**Exercise objective**: Beginning with the line that holds "تعلن مدرسة خاصة" and finishing with the line that holds "Zgrupowani w schronisku", repeat the listing exactly, leaving every picture out.

**Records for the task**:
--------------------
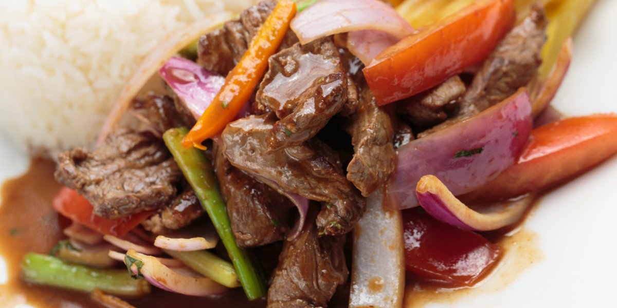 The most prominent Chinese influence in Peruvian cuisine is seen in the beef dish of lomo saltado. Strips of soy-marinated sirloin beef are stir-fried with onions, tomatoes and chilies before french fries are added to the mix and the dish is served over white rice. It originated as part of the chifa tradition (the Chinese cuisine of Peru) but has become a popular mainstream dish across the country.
--------------------
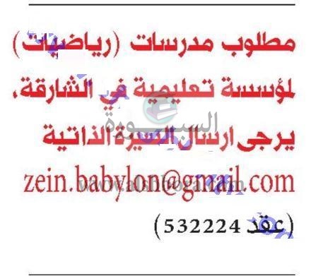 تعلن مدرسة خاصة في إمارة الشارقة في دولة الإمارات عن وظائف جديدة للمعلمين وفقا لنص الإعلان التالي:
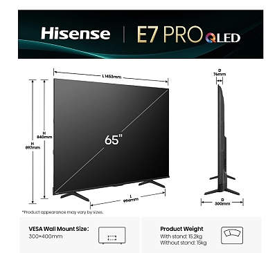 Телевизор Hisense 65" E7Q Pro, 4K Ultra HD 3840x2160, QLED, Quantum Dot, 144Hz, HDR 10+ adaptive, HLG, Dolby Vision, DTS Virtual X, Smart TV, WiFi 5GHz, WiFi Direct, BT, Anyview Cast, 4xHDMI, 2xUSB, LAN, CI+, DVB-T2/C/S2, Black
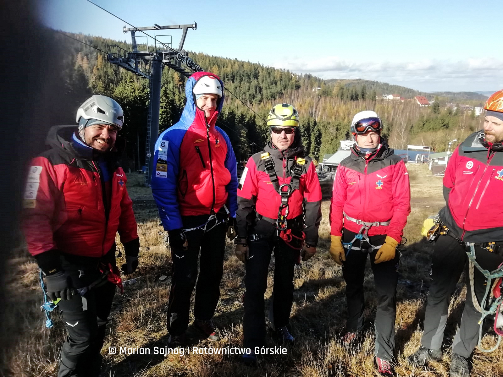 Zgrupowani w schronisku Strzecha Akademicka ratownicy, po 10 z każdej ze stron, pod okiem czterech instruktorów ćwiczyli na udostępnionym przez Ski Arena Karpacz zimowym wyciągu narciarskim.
--------------------
**Exercise output**:
 تعلن مدرسة خاصة في إمارة الشارقة في دولة الإمارات عن وظائف جديدة للمعلمين وفقا لنص الإعلان التالي:
 Телевизор Hisense 65" E7Q Pro, 4K Ultra HD 3840x2160, QLED, Quantum Dot, 144Hz, HDR 10+ adaptive, HLG, Dolby Vision, DTS Virtual X, Smart TV, WiFi 5GHz, WiFi Direct, BT, Anyview Cast, 4xHDMI, 2xUSB, LAN, CI+, DVB-T2/C/S2, Black
 Zgrupowani w schronisku Strzecha Akademicka ratownicy, po 10 z każdej ze stron, pod okiem czterech instruktorów ćwiczyli na udostępnionym przez Ski Arena Karpacz zimowym wyciągu narciarskim.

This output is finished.